To eat or to mate that’s the question


By Eve Davidian

To reproduce is the ultimate goal of all living creatures. But to achieve this, individuals first have to survive long enough, and so must eat. The more, the better? Not so sure. A good diet may make you strong and appealing to potential mates but an excess of food can turn out to be counterproductive.

Jage, a male from the Ngoitokitok clan wanted it all, to feast and to mate, but he learnt the hard way that one sometimes has to choose. One day, after months spent courting females of his clan, he was lucky enough to find favor with Uvumiliva, a young and high-ranking female (to say, a nice piece). But there was a catch; Jage had feasted earlier in the morning and his belly was so bloated that he could not seal the deal.

It should be pointed out that mating is a very tricky task for male spotted hyenas because females’ private parts are masculinized into a pseudo-penis. This means that reaching seventh heaven requires full cooperation from the female – she has to stand still, put her head down and retract her pseudo-penis. But even when the female does cooperate, the male still has to show great acrobatic skills. It does take males some time and practice to get it right, and those with little experience usually are clumsy and sorely try the female’s patience.

On that hot day, Jage tackled the task. But no matter how much he wiggled and waggled, his huge, flabby belly kept barring the way. Jage was exhausted by all this physical activity. Just picture yourself running a marathon while aiming at a bullseye with an arrow, all this after having devoured a huge platter of meat! Jage was panting and drooling, and had to take regular breaks to catch his breath. Meanwhile, Uvumiliva remained amazingly calm and supportive – she actually got her name, meaning ‘patient’, after that day.

Jage really was not at his best that day. In a moment of weakness, he even tried to blame it all on Nyemeleo, a rival male born in the Shamba clan that had just joined the Ngoitokitok clan. Of course Nyemeleo was not responsible for Jage’s misery; apart from standing beside the couple and peeping at them, which let’s admit was slightly sleazy, Nyemeleo was not really interfering. Maybe Nyemeleo simply wanted to show off his athletic body and perfectly-sized belly, hoping that Uvumiliva would change her mind and pick him instead of the chubby guy. But quite clearly Nyemeleo’s presence did not help Jage to keep his focus on the target. Hyena sweethearts do like to have their privacy and usually do their ‘business’ in remote areas of their clan territory. After spending hours peeping (yes, but for Science!) at the trio, we had to leave them. We hoped for the best but our expectations were low.
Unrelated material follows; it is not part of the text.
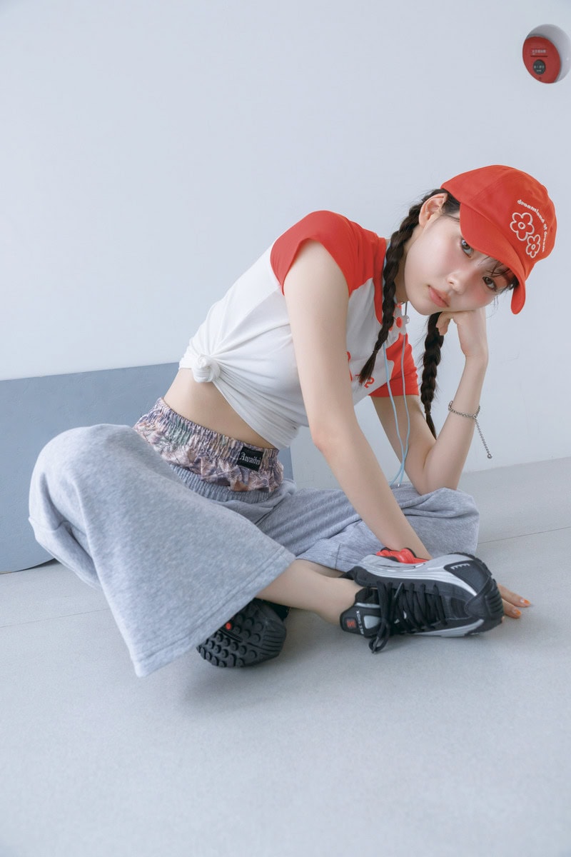 Tシャツ¥5,280、スニーカー¥21,230/ともにナイキ スポーツウェア(ナイキ カスタマーサービス)、パンツ¥6,990/ナディア フローレス エン エル コラソン、キャップ¥7,200/ミーンデリ、ブレスレット¥10,230/ミュゼアール(ともにハナ コリア)、チョーカー¥2,090/ゴールディ、リング¥2,530/アネモネ(サンポークリエイト)

Four months later – the duration of gestation in spotted hyenas – Uvumiliva did not give birth to cubs, suggesting both that Jage’s attempts failed and that Uvumiliva did not give Nyemeleo a chance. Let’s hope that Jage at least learnt a lesson from this unfortunate turn of events and that he now thinks twice before having an umpteenth slice of meat.

Moral of the story: Better eat light than miss the boat.
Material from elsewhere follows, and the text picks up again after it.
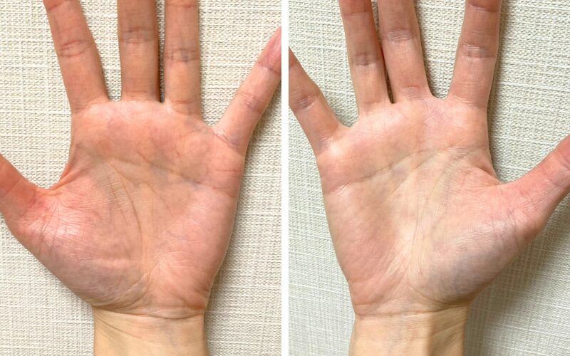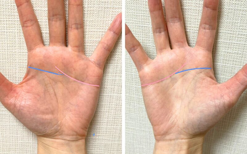 ①左右ともに、青の知能線が親指側から伸びて、ピンクの感情線が小指側から伸びて、知能線と感情線が接している↓↓↓
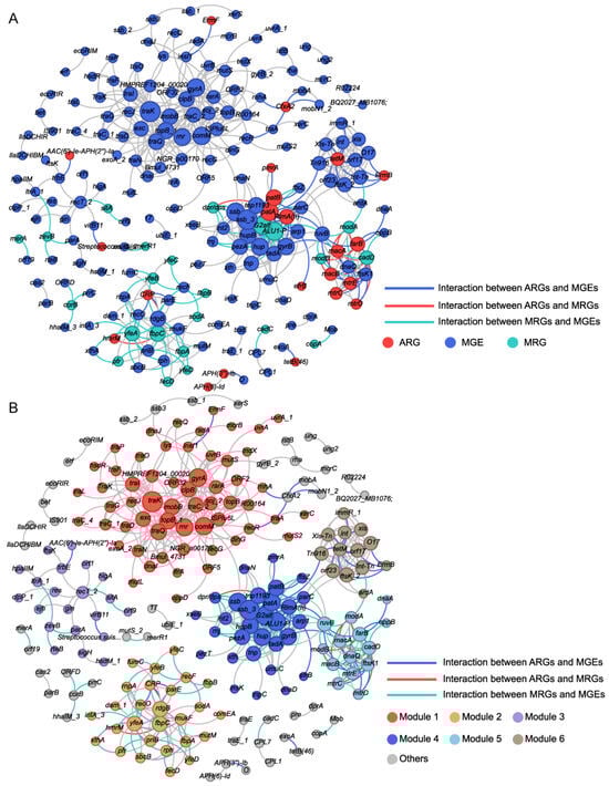 Co-occurrence patterns between MRGs, ARGs, and MGEs in all oral samples. (A) Each node was colored according to the MRGs, ARGs, and MGEs. (B) Each node was colored according to different modularity. Node size is proportional to the number of connections. Interactions of the same type are linked by gray lines.

Here is the video showing Jage’s setbacks:

One thought on “To eat or to mate that’s the question”

  1. Great writing, Eve!

    Yeah, this was a less than successful Valentine, so to speak. Jage, the poor guy! What a choice, eh? Food or future cubs. He sure did try though. Bless Uvumiliva for her extraordinary patience! And dear Nyemeleo, just because one might be fit enough to do the deed, doesn’t mean one will be allowed to. Aw! Well, there’s always next time, eh!

    Thank you again to all the Hyena Project Team for being out there, gathering data and sharing these recounts which show the wonderful characters and complex lives of these/”our” dear Hyenas.
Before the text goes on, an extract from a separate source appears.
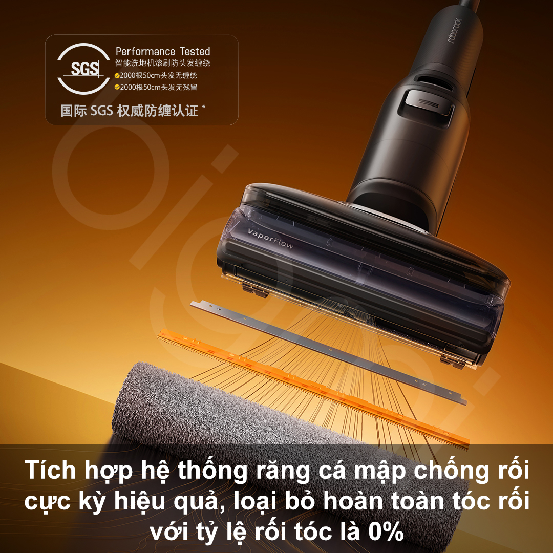 Tóc và lông thú cưng quấn vào con lăn luôn là nỗi ám ảnh, nhưng máy hút bụi lau nhà Roborock F25 Ultra Combo đã khắc phục hoàn toàn nhờ hệ thống Double Comb (Răng lược kép). Hệ thống gồm 141 răng lược mật độ dày đặc, được chế tạo từ vật liệu cao cấp, liên tục chải và gỡ rối tóc ngay từ nguồn phát, thử nghiệm thực tế cho thấy F25 Ultra Combo xử lý mượt mà 2.000 sợi tóc dài tới 50cm, đưa thẳng chúng vào ngăn chứa rác mà không cần người dùng phải gỡ thủ công, đạt tỷ lệ rối 0%.

    I understand there are great difficulties out there in the World, what with political posturing among Nations and people, the ongoing battle against Wildlife poachers, and the complicated struggle between human-wildlife conflict and conservation of the/”our” Animal-Kin lives.

    Your research and specifically “our” dear Hyenas are somehow a kind of relief in this strained World. I’m not sure I can explain how or why that is, but it is.

    I am deeply grateful for “our” Hyenas’ existence, for them being them and for you sharing them with everyone here.

    Bless your good hearts and work, and Bless these/”our” Spotted Hyenas.

    “Cap’n” Toni…..

    (side notes: I often use the word “our” not as a possessive but as an acknowledgement that all on “our” Earth are connected, that separatism has ever done more harm than good. Also, I frequently use “Bless” not in any specific religious sense but in a general Spiritual regard.)